# Brand of Coolant to use?



## OR_02_Pathy (Feb 17, 2007)

Hi all. 02 SE 4WD Pathy. Was going to change the collant and stopped by the dealer to pick up some Nissan coolant. Nissan parts guy said they just use Napa coolant. This doesn't seem right. What do you guys use? If not Nissan, what brand seems to work the best in the VQ?

Thanks!


----------



## amm888 (Dec 10, 2006)

i don't imagine the brand making much of a difference as long as you get the proper type. the manual should say which kind you need.

i know my acura needed honda motors-$pecific coolant, but i don't think these pathys are like that.


----------



## NPath (Dec 12, 2004)

OR_02_Pathy said:


> Hi all. 02 SE 4WD Pathy. Was going to change the collant and stopped by the dealer to pick up some Nissan coolant. Nissan parts guy said they just use Napa coolant. This doesn't seem right. What do you guys use? If not Nissan, what brand seems to work the best in the VQ?
> 
> Thanks!


I know GMC Safari vans run on specific coolant, which is orange. I don't think those vans can change to the green coolant or it'll get up the coolant system. Anyways, back to your question, if the parts person say they use Napa coolant, then I'd go with Prestone. Prestone is a bigger name brand and probably cost the same.


----------



## maclion (Nov 13, 2005)

I have the same question. Mine is 99 pathfinder. manual say: use 'genuine nissan anti-freeze coolant or equivalent'. 
1. So do you think i will be ok to use Prestone, and what type of Prestone (http://www.prestone.com/products/antifreezeCoolant.php)?
2. should I flush radiator completely including engine block before refill to avoid mixing with preveious coolant ( I don't know which type of coolant it is).

Thanks




NPath said:


> I know GMC Safari vans run on specific coolant, which is orange. I don't think those vans can change to the green coolant or it'll get up the coolant system. Anyways, back to your question, if the parts person say they use Napa coolant, then I'd go with Prestone. Prestone is a bigger name brand and probably cost the same.


----------



## golfer (Aug 21, 2006)

I've replaced my coolant with regular Prestone ( which they now label Prime ) .

Since I didn't know what was in there before, I completely drained the old coolant.
Then filled the rad with straight water and ran the engine to operating temp. ( with the heater set to maximum setting to circulate through the heater core as well . ) 

Let it cool down , drain again , fill with straight water and repeated till there was clear water being drained. Then I used the premixed antifreeze since they use *demineralized water *for diluting ... which is important.

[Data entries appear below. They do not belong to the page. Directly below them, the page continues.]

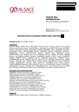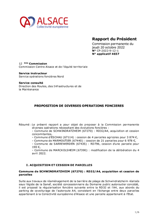 Le présent rapport a pour objet de proposer à la Commission permanente diverses opérations nécessitant des évolutions foncières : - Commune de SCHWINDRATZHEIM (67270) : RD32/A4, acquisition et cession concomitantes, - Commune d'ESCHAU (67114) : cession de 4 parcelles agricoles pour 3 874 €, - Commune de MARMOUTIER (67440) : cession de 21 parcelles pour 6 978 €, - Commune de SARREWERDEN (67435) : RD796, cession d'une parcelle pour 190 €, - Commune de MARCKOLSHEIM (67390) : modification de la délibération du 4 avril 2022.
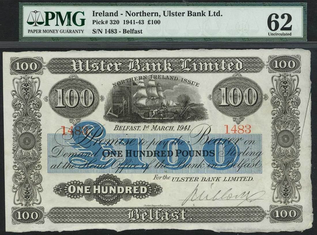 Ulster Banking Company, £100, 1 March 1941, serial number 1483, black and white, value in blue underprint at centre, allegorical symbols top centre, value in oval frame top left and right, manuscript signature low right, reverse blue, bank building at centre
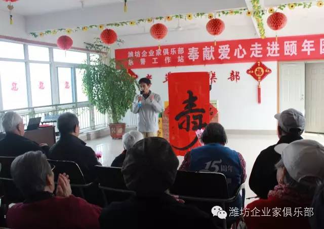 4月10日,潍坊东方企业家俱乐部慈善工作站奉献爱心走进华都颐年园为园内老人送爱心。
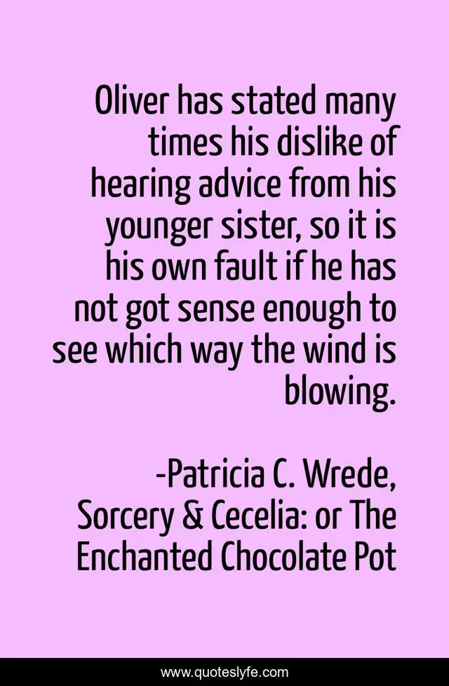 This page presents the quote "Oliver has stated many times his dislike of hearing advice from his younger sister, so it is his own fault if he has not got sense enough to see which way the wind is blowing.". Author of this quote is Patricia C. Wrede, Sorcery & Cecelia: or The Enchanted Chocolate Pot. This quote is about ignored, brothers, funny, advice, stupidity, siblings, common-sense, comedy,.
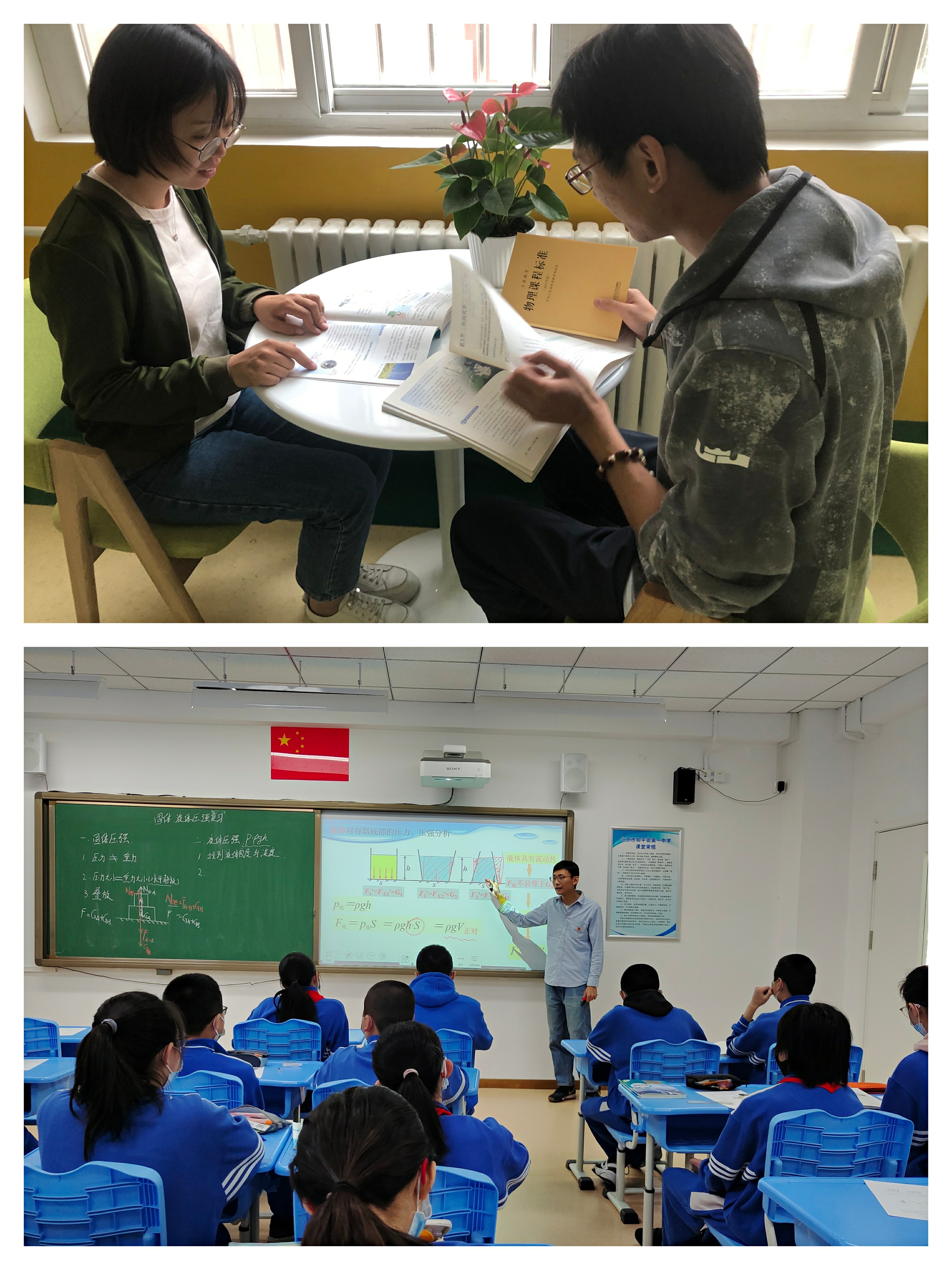 物理郑磊老师通过三个探究实验总结影响压强的相关因素,并利用得出的实验结论以解决相关问题。物理组内交流,聚焦学生练习时教师巡视、学生答题、单独辅导的教学方式方法。
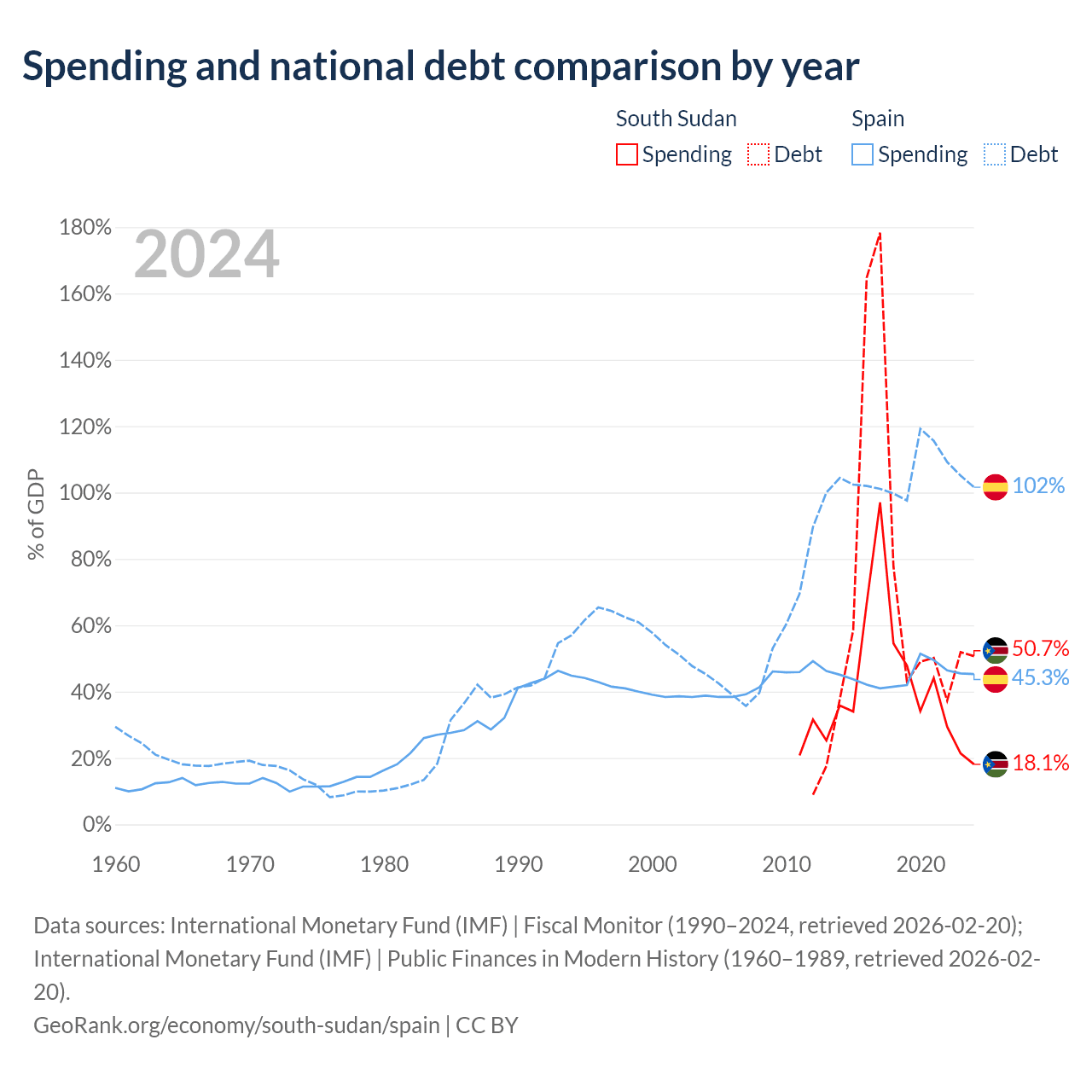 South Sudan has $7.04B in government debt (50.7% of GDP), compared to $1.75T (101.6% of GDP) in Spain.
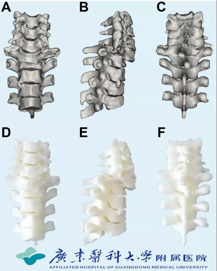 脊柱微创外科主任魏波,副主任孙欣,彭智恒、黄维渊博士,郑锦畅副主任医师,黄成硕主治医师,梁振医师通过3D技术重建患者颈椎序列(如图2所示),全面研究骨折及脱位情况,充分讨论患者病情,分析手术难点,最后设计出“前-后-前”联合的颈椎椎体脱位复位固定方案。

btw ... GM uses the orange Dexcool and can be replaced with regular antifreeze. I've done it using the above method with no ill affects.


----------



## coolnesss (Dec 23, 2003)

If your car has orange or pink anti-freeze, DO NOT use the green stuff. The orange stuff creates a certain chemistry inside the block, which is good for the engine long-term, and if you add the green stuff, it changes the chemistry and you won't have the benefit of the orange stuff anymore. That's a simplified explanation - if you want the full skinny, go to caddyinfo.com and search for dex-cool - there's some peeps on that board who know a whole lot and they are great about explaining.

That said, the brand you use may not have as much meaning as using distilled water to mix it - and changing it often - every 20k miles or two years would be the conservative choice. The distilled water cuts down internal buildup of crap, and changing it often - keeps the chemical action on the engine, and the conditioning of the water pump - fresh, so changing the water pump doesn't become a regular weekend event.


----------



## golfer (Aug 21, 2006)

coolnesss said:


> If your car has orange or pink anti-freeze, DO NOT use the green stuff. The orange stuff creates a certain chemistry inside the block, which is good for the engine long-term, and if you add the green stuff, it changes the chemistry and you won't have the benefit of the orange stuff anymore. That's a simplified explanation - if you want the full skinny, go to caddyinfo.com and search for dex-cool - there's some peeps on that board who know a whole lot and they are great about explaining.


If you are talking about mixing the two types that's correct ... don't. 

Completely removing and replacing one for the other doesn't change any chemistry inside the engine.

The only " chemical reaction " is the inhibitor additives for anti-corrosion .... which all coolants have.


----------